For ordinary equities and ETFs, in an ordinary taxable account (tax-advantaged accounts like IRAs have different rules, as to different kinds of investments) the IRS also allows cost basis to be reported by specific identification. A lot is a group of shares you bought in one transaction. A lot is identified by the number of shares, the price you paid for them, and the date the trade executed. When you sell, you specify from which lot(s) you are selling, and the cost basis of that specific lot is used to calculate your gain or loss.

When using specific identification, you can sell whatever lots you want. The IRS doesn't care, as long as you don't do inconsistent things like share the same shares twice. But a common strategy is to sell lots in this order:

  1. Short term losses (held less than 1 year), with greatest losses first
  2. Long term losses
  3. Short term lots with no losses or gains
  4. Long term lots with no losses or gains
  5. Long term gains, least gain first
  6. Short term gains, least gain first

The objective of this strategy is to maximize tax deductions by realizing losses, and if gains must be realized, realizing them as long term capital gains as much as possible, as these are taxed at a lower rate. This is a more tax-efficient strategy than FIFO.

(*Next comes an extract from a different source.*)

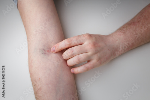 Patient showing syringe injection mark on arm with reddness and blue vein. Allergic reaction with red rash side-effect from vaccine

It's likely your broker can automatically perform this strategy for you (although you may have to ask for it), and the 1099-B and other tax documentation they send you at the end of the year will reflect this. These days any electronic tax package can automatically import all your trades from your broker so you don't have the tedium of entering all the data.

Since FIFO requires tracking all the lots anyway, and in practice computers automate all the tedium involved with a more tax-efficient cost basis method, I can't think of any reason to use FIFO.

The gritty details, if you want them, are in IRS publication 550.